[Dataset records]

^^^^^^^^^^^^^^^^

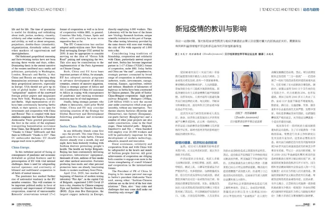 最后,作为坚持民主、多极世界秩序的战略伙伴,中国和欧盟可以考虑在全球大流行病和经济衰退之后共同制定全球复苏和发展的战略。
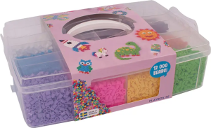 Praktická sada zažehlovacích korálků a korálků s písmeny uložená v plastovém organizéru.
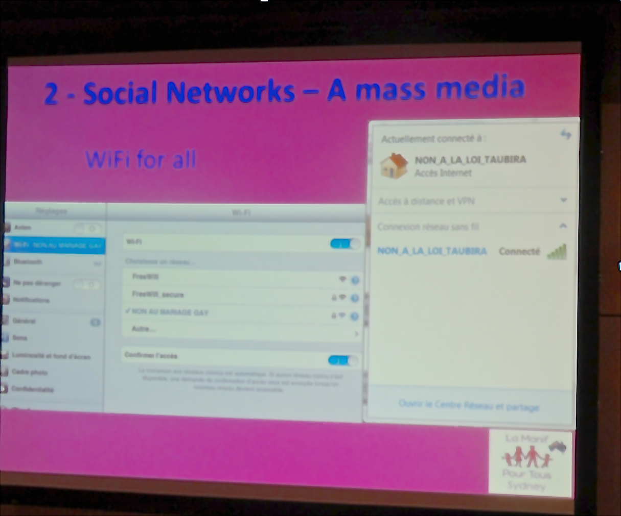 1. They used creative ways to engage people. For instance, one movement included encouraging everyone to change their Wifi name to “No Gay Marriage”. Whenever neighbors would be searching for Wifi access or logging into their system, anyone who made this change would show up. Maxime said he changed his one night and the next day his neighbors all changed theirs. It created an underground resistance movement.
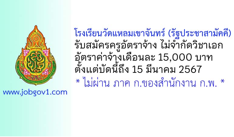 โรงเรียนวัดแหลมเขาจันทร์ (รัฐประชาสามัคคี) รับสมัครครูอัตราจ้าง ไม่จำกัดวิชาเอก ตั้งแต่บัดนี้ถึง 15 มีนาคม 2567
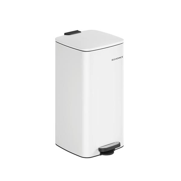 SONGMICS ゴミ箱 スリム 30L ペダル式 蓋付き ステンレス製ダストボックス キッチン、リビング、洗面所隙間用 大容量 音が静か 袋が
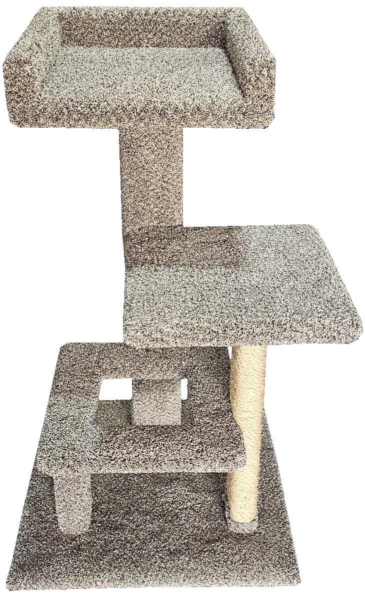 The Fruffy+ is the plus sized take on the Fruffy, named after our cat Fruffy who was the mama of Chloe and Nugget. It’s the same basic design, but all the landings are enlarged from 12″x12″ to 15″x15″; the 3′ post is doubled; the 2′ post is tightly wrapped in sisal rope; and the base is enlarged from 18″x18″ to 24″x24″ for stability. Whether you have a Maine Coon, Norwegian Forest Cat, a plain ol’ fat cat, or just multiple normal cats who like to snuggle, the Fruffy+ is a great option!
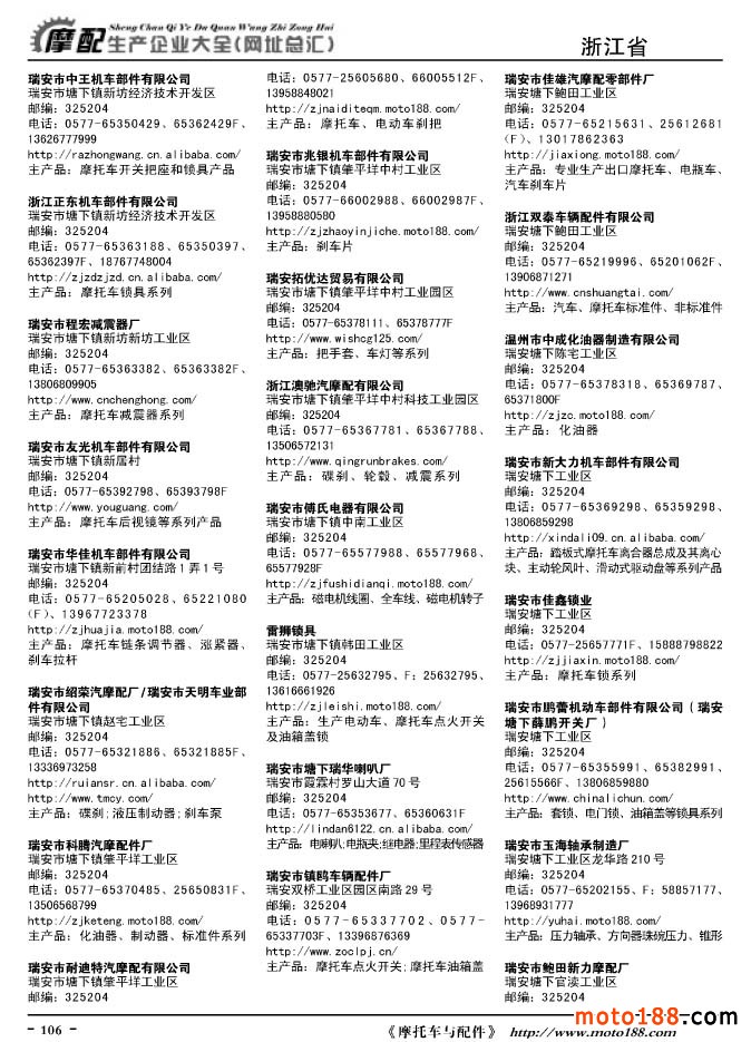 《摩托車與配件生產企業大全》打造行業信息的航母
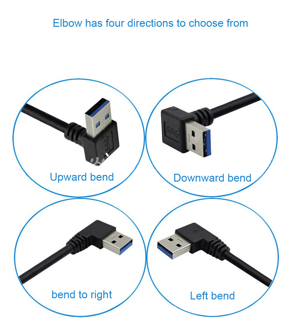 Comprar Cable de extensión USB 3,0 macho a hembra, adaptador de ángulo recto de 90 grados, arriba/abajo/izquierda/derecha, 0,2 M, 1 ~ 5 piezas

^^^^^^^^^^^^^^^^

An exact copy of the lines from the one with "Praktická sada zažehlovacích" through the end of the entries above, both included, is the whole answer. It contains no pictures.

 Praktická sada zažehlovacích korálků a korálků s písmeny uložená v plastovém organizéru.
 1. They used creative ways to engage people. For instance, one movement included encouraging everyone to change their Wifi name to “No Gay Marriage”. Whenever neighbors would be searching for Wifi access or logging into their system, anyone who made this change would show up. Maxime said he changed his one night and the next day his neighbors all changed theirs. It created an underground resistance movement.
 โรงเรียนวัดแหลมเขาจันทร์ (รัฐประชาสามัคคี) รับสมัครครูอัตราจ้าง ไม่จำกัดวิชาเอก ตั้งแต่บัดนี้ถึง 15 มีนาคม 2567
 SONGMICS ゴミ箱 スリム 30L ペダル式 蓋付き ステンレス製ダストボックス キッチン、リビング、洗面所隙間用 大容量 音が静か 袋が
 The Fruffy+ is the plus sized take on the Fruffy, named after our cat Fruffy who was the mama of Chloe and Nugget. It’s the same basic design, but all the landings are enlarged from 12″x12″ to 15″x15″; the 3′ post is doubled; the 2′ post is tightly wrapped in sisal rope; and the base is enlarged from 18″x18″ to 24″x24″ for stability. Whether you have a Maine Coon, Norwegian Forest Cat, a plain ol’ fat cat, or just multiple normal cats who like to snuggle, the Fruffy+ is a great option!
 《摩托車與配件生產企業大全》打造行業信息的航母
 Comprar Cable de extensión USB 3,0 macho a hembra, adaptador de ángulo recto de 90 grados, arriba/abajo/izquierda/derecha, 0,2 M, 1 ~ 5 piezas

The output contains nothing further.